PhoneGap and XPages to build native/hybrid Mobile Apps

PhoneGap is an open source mobile framework to build mobile apps for most mobile platforms. As the name says it tries to fill the gap in current HTML specs and browser implementations by providing JavaScript APIs to access services of smartphones. So you can develop mobile apps using web application development like XPages and then use PhoneGap to wrap it in native apps for the different devices.

Last year I played around with PhoneGap and I really like it. I posted a mobile app sample on OpenNTF which takes a picture and stores it in a Notes database (watch the video).

Recently I found the great video below from Brian LeRoux from Nitobi who (I think) is the technical lead of PhoneGap. In the video he provides a great overview and update. Let me highlight a couple of his points.

I agree with Brian that the majority of mobile apps customers need are really simple apps (video 47:27). While you can’t and shouldn’t implement all types of mobile apps using web app dev most business apps are rather simple, but still provide a lot of value. A good example might be the simple expense report app I created for the Lotusphere keynote. However I hope that encrypted stores on smartphones will be available soon to web developers.
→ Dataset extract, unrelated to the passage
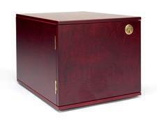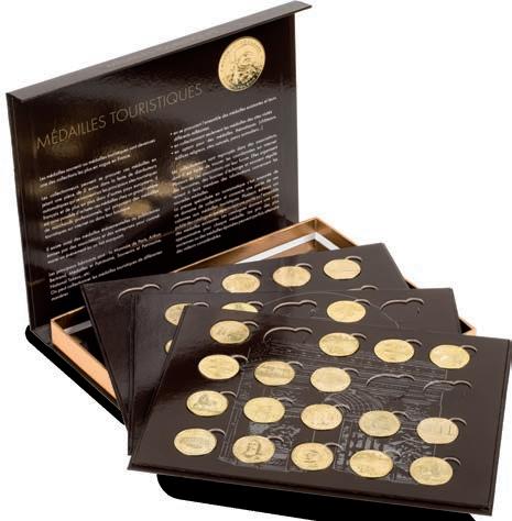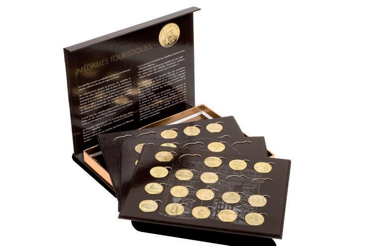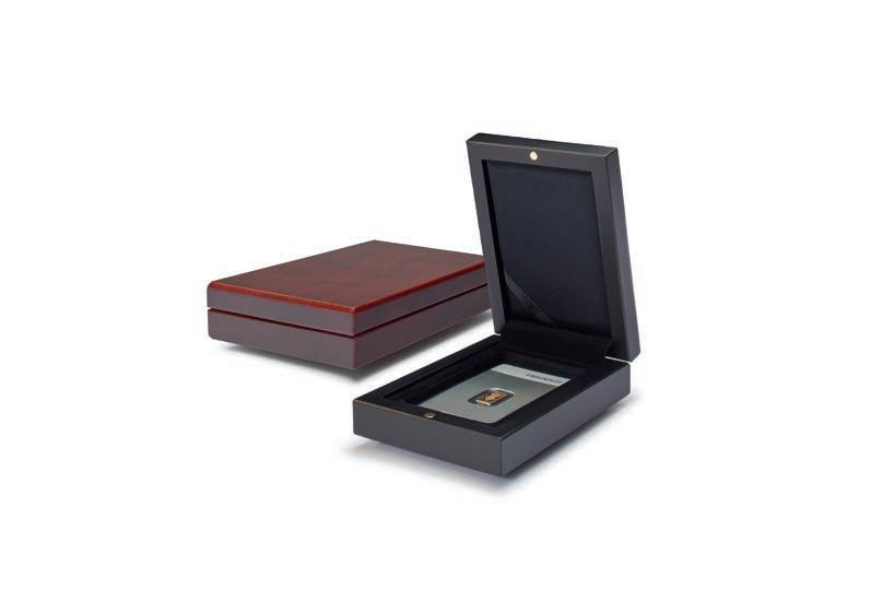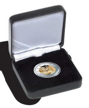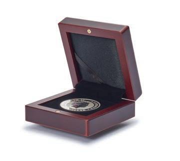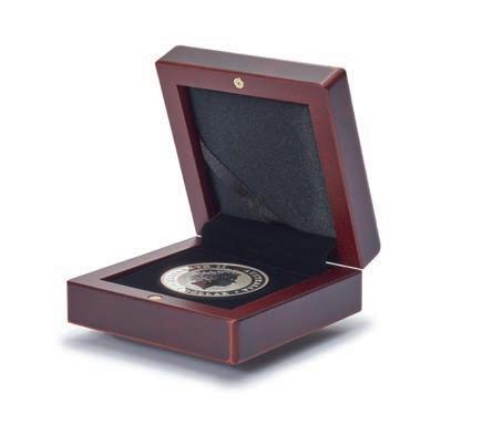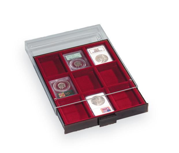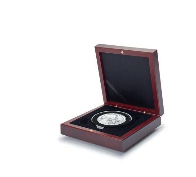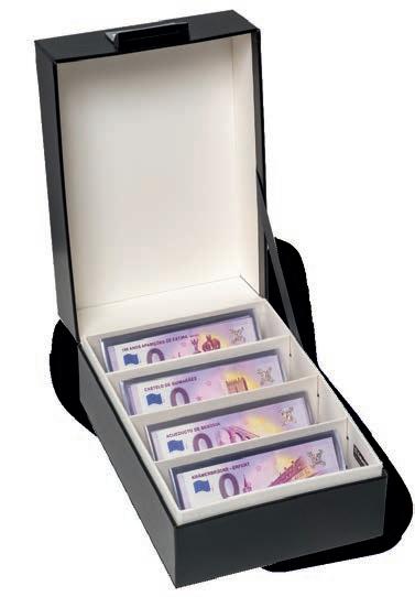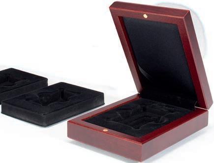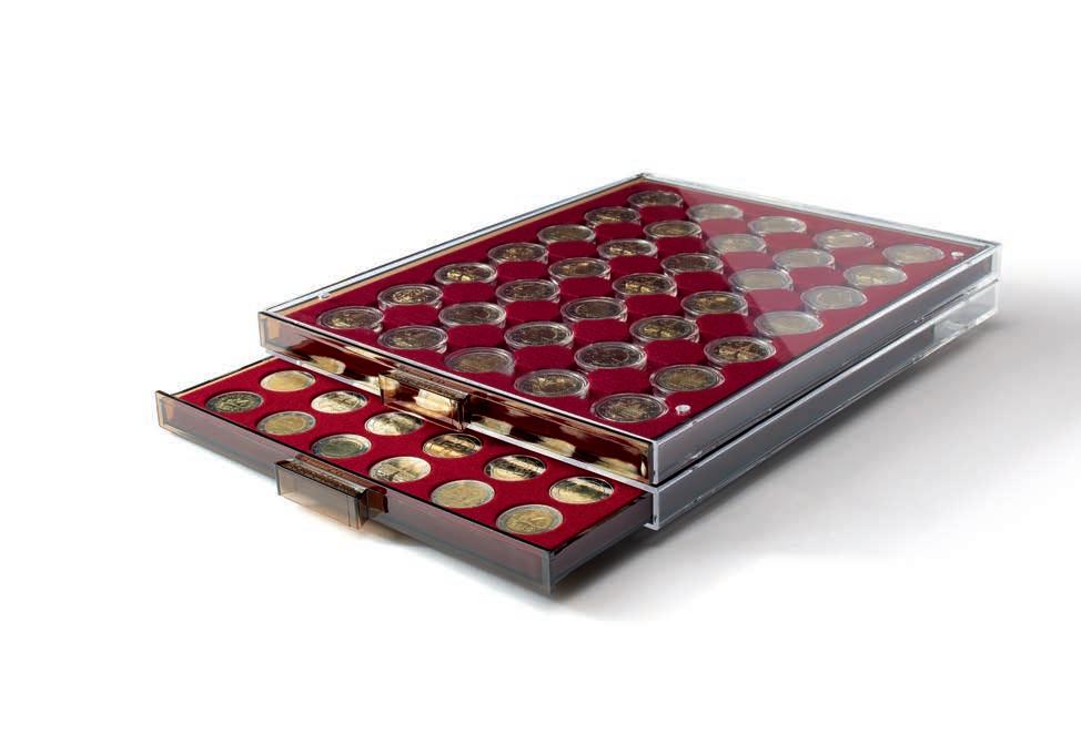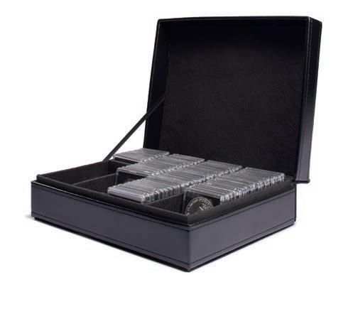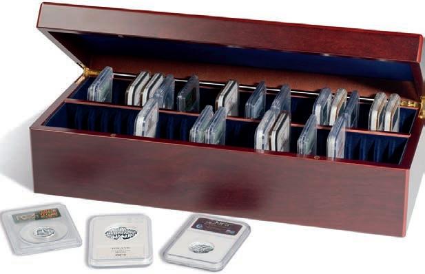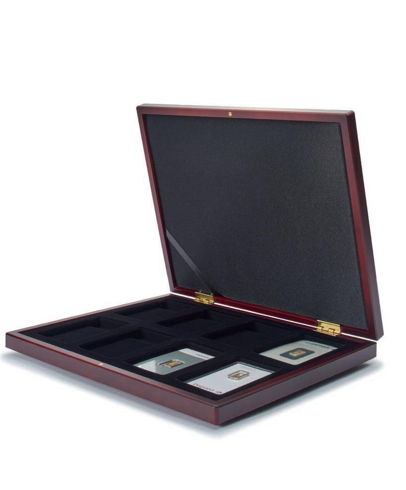 7 Volterra-muntencassette Stevig houten cassette, mahoniekleurig, inlegwerk met fluweelachtig oppervlak en elk tableau voorzien van 35 ronde vakken ( 32 mm), kantelmechanisme voor het uitnemen van munten (capsules niet inbegrepen), bedrukking van hoes en kussen op buitenkant cassette en satijnen binnenkussen, magneetsluiting a 1-laags voor 35× 2-euromunten in capsules

Also most app stores require natives apps and not pure web apps. So you need to wrap your web apps in native shells that use embedded browsers to run the actual apps. PhoneGap provides this for various platforms. I haven’t tried it myself yet but Brian talks about the (relative) new PhoneGap/build Cloud service (video 40:48). When using this service you don’t have to install all the different SDKs to compile the native apps which saves a lot of time.

Brian also mentions IBM’s recent involvement in PhoneGap. He says “IBM has been hugely involved” (video 33:35).

When I’ll find some time I also want to try WebInspector, esp. the remote WebInspector (video 38:15). Sounds like this is tool to debug a web page running on another machine. Because of missing good debug capabilities on various platforms this could have saved me a lot of time in the past.

Brian talks also a little about legal aspects and I really had to laugh when he admitted they didn’t know until recently what contributor license agreements are and why they are important (video 25:08). This reminded me of the discussions we’ve had over the last two years for OpenNTF.